Before I get-go, I should say that I respect Ian profoundly, that nosotros agree on most subjects … and have made common cause together before now… Ian has been a committed and effective campaigner for female person leadership in the church, and has done much expert equally such, for which I honour him. If we disagree, it isen famille.

Only the comment provoked me to inquire whether we shouldn't be able to say that to any Christian, even if we profoundly disagree on a particular field of study. I am aware that the question of unity and separation is complex, and will be tested particularly on the upcoming debates on sexuality in the C of E. Even so in the fragmenting world of social media, information technology seems to me nosotros are in serious danger of returning to the world of the Corinthian church: 'I follow Brian'; 'I follow Rob'; 'I follow Steve.' Was my previous post, even so impuissant, so bad to warrant the term 'Icky' from one commentator on Facebook? Should we ever exist using such language of sisters and brothers in Christ?


Secondly,can we have seriously the crusade of patriarchy and bigotry whatever our view on women'south ordination? As Kate Kirkpatrick demonstrates, media portrayal of women is systematically prejudiced—something that has no connectedness with considered reflection on men's and women'due south roles. In Facebook word, Stephen Kuhrt explains some of the things that happen in Christ Church, New Malden, which includes recruiting women besides as men to 'techy' roles such as operating the sound desk, once a calendar month having 'men only' serving java, and ensuring women and men lead services together. (You cannot disagree with anything in a church that has a Fun Committee, surely!).

Near of these things accept zilch remotely to do with whether or not women tin exercise a teaching authority in the church—so why aren't we all doing them?

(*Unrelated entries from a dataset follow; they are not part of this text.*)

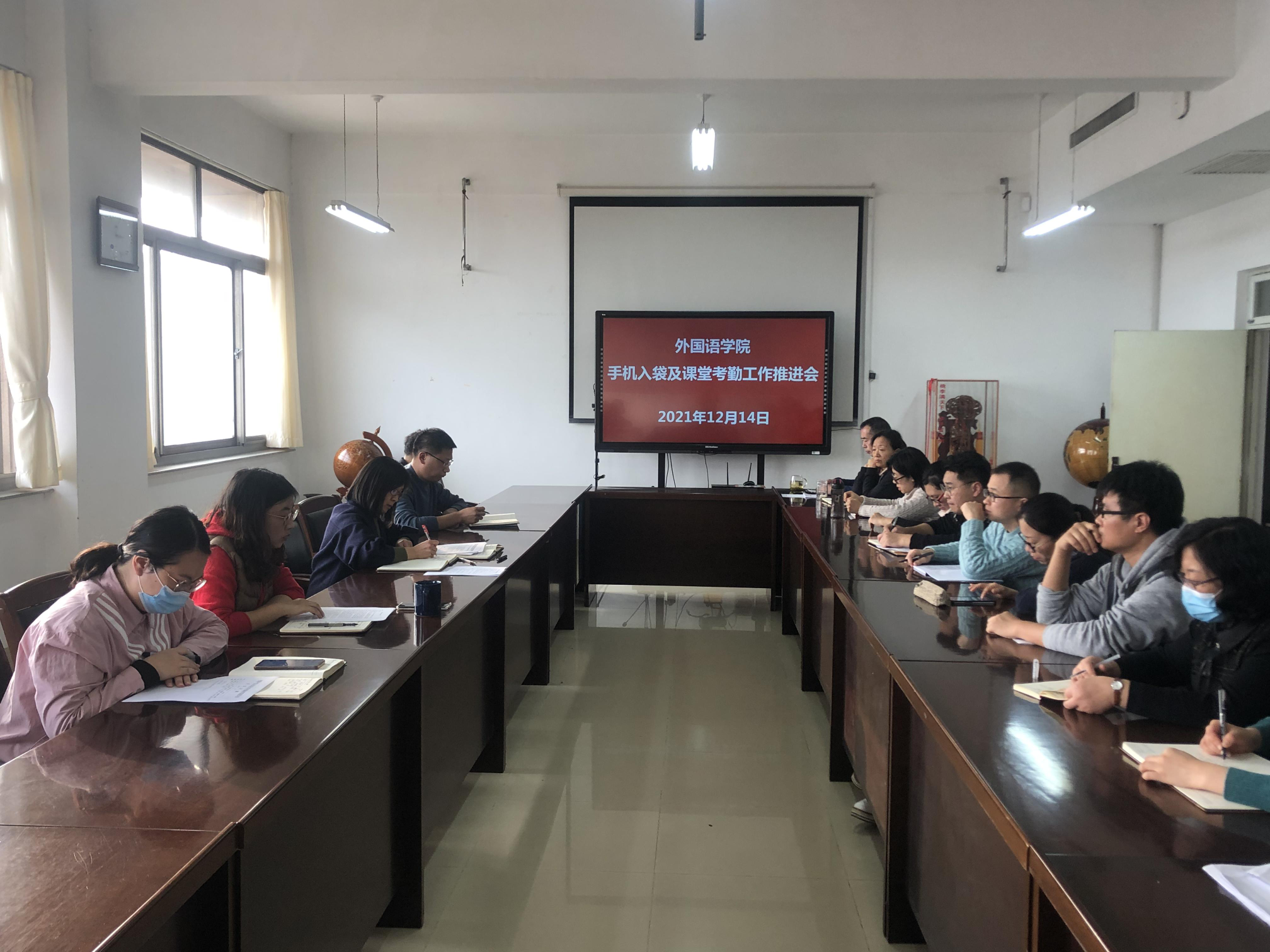 12月14日,外语学院在文理大楼321召开手机入袋及课堂考勤工作推进会,党委委员,系主任、副主任,专业主任及全体辅导员参加会议。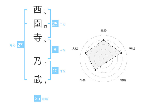 西園寺 乃武さんを姓名の画数から五運を鑑定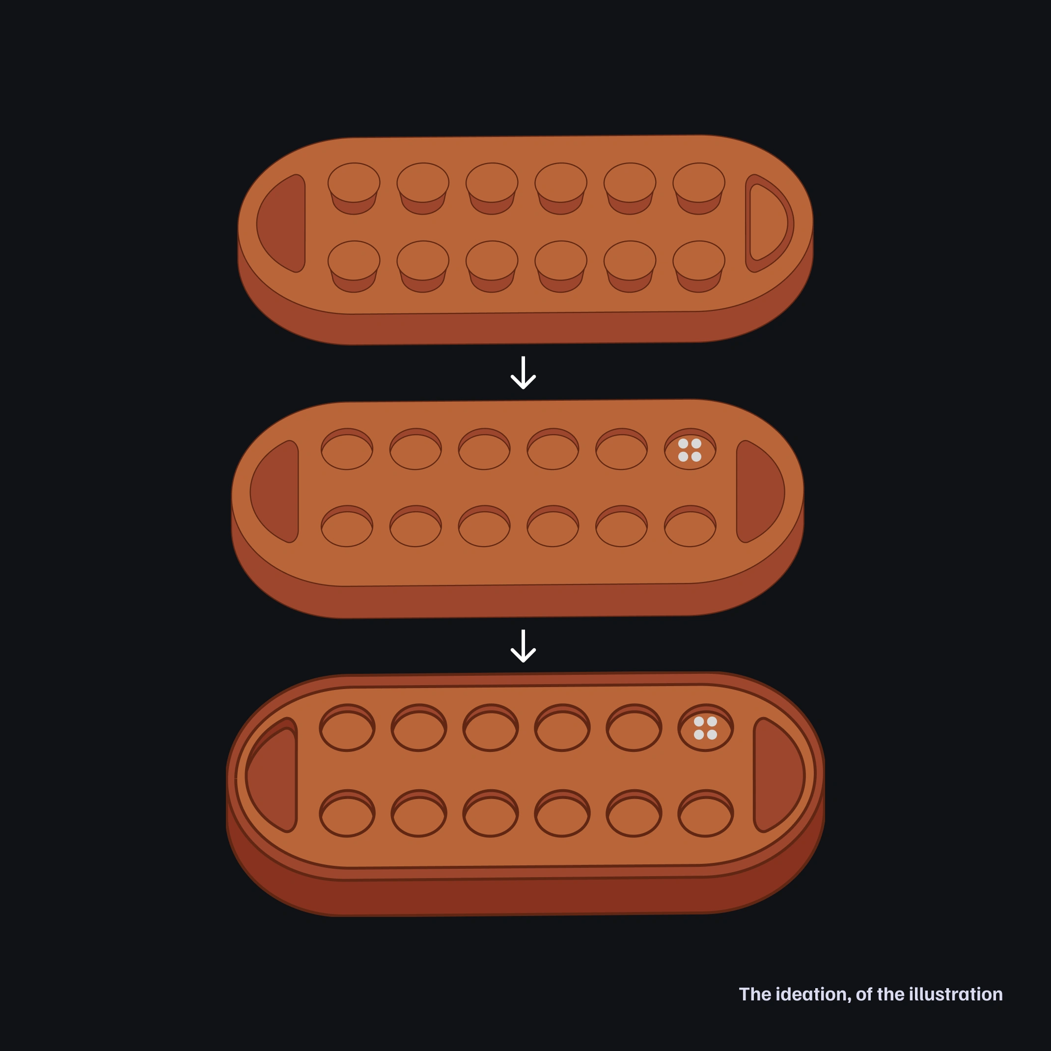 Started with reference photos of real Mancala boards. That warm wood texture, the carved pits, the way your hand naturally reaches for the stones - all of that needed to translate digitally.

Thirdly, tin we recognise that problems which look like a problem for women are in fact a problem for all?A couple of years ago, one of the plenary sessions at the British New Testament Briefing was given over to a fence on why there are so few women in biblical studies equally a subject field, when theology is a popular choice for women at undergraduate level. I of the issues that emerged was that, in social club to get a PhD in the subject and find a task, you really have to put upwards with a lot of what Paul would call 'skubalon' (Phil 3.eight). Rather foolishly, men put up with information technology; rather sensibly, many women remember there must exist a amend manner to live. In many places where women are under-represented, what really needs to change is a system that damages people, often continued with an unhealthy workaholism. The absence of women points to a deeper angst.


6a010536f51a3b970c01bb07a3235b970dFourthly,can we make proper space for parenting? In his response to me, Steve argues that speaking and parenting is not a 'zip-sum game', that y'all do not merchandise one off against some other in a binary way. Related to that, he explores the reality of travelling and family life, and suggests that the best leaders are able to do both. My worry with this arroyo is that it reflects a contemporary cultural tendency to turn down human being finitude. There is a potent narrative that 'nosotros can have it all'—only that narrative really penalises those who put a premium on parenting, and privileges those who don't, whatever the context. If I accept an invitation to speak, it means I take to sacrifice something else. Deciding to practise one thing means deciding non to do another. Even though our children are teenagers, I need to plan very advisedly when I am away, because if I am not home, someone else has to be.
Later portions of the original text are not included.